Treatment outcomes of tuberculosis patients under directly observed treatment short-course at Debre Tabor General Hospital, northwest Ethiopia: nine-years retrospective study.

BACKGROUND: Data regarding tuberculosis (TB) treatment outcomes, proportion of TB/HIV co-infection and associated factors have been released at different TB treatment facilities in Ethiopia and elsewhere in the world as part of the auditing and surveillance service. However, these data are missing for the TB clinic offering directly observed treatment short-course (DOTs) at Debre Tabor General Hospital (DTGH). METHODS: The authors analysed the records of 985 TB patients registered at the DTGH from September 2008 to December 2016. Data on patients' sex, age, type of TB, and treatment outcomes were extracted from the TB treatment registration logbook. The treatment outcome of patients was categorized according to the National TB and Leprosy Control Program guidelines: cured, treatment completed, treatment failed, died, and not evaluated (transferred out and unknown cases). RESULTS: Around half of the registered patients were males (516, 52.4%). In terms of TB types, 381 (38.7%), 241 (24.5%), and 363 (36.9%) patients had smear-negative pulmonary TB, smear-positive pulmonary TB, and extra pulmonary TB, respectively. Six hundred and seventy-two patients (90.1%) had successful treatment outcomes (cured and treatment completed), while 74 patients (9.9%) had unsuccessful treatment outcomes (death and treatment failure).TB treatment outcome was not associated with age, sex, type and history of TB, or co-infection with HIV (P > 0.05).
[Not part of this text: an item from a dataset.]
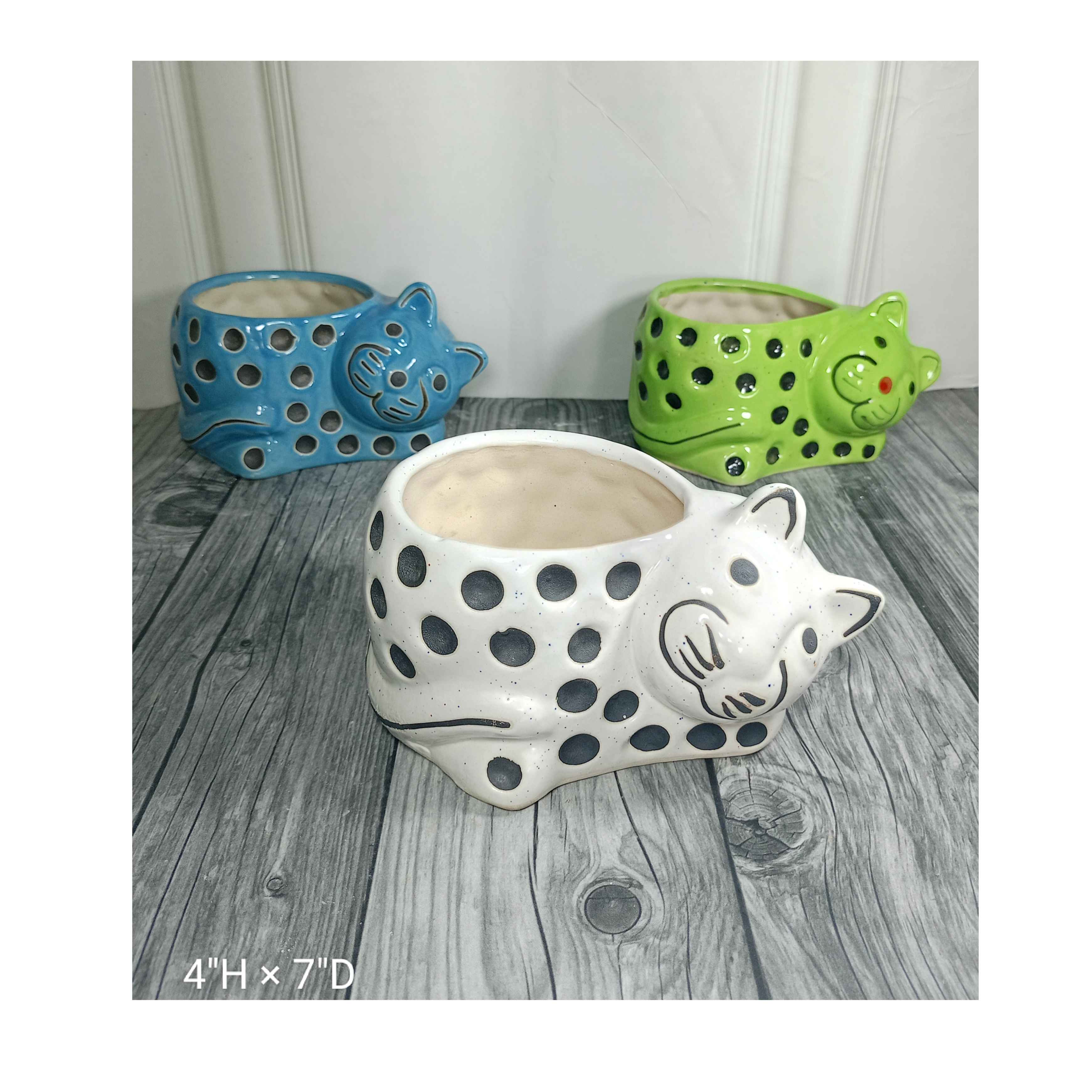 4. Enhance your decor with Abiya Ceramics' stunning ceramic products, like the Dotted Sleeping Cat Shape Pot. Quality craftsmanship awaits you!

The proportion of TB/HIV co-infection was at 24.2%, and these were found to be significantly associated with the age groups of 25-34, 35-44 and ≥65 years:(aOR: 0.44; 95% CI: 0.25-0.8), (aOR: 0.39; 95% CI: 0.20-0.70), (aOR: 4.2; 95% CI: 1.30-12.9), respectively. CONCLUSIONS: The proportion of patients with successful treatment outcomes was above the World Health Organization target set for Millennium Development Goal of 85% and in line with that of the global milestone target set at > 90% for 2025. Relatively higher proportions of transfer-out cases were recorded in the present study. Similarly, the proportion of TB/HIV co-infection cases was much higher than the national average of 8%.Thus, the health facility under study should develop strategies to record the final treatment outcome of transfer-out cases. In addition, strategies to reduce the burden of TB/HIV co-infection should be strengthened.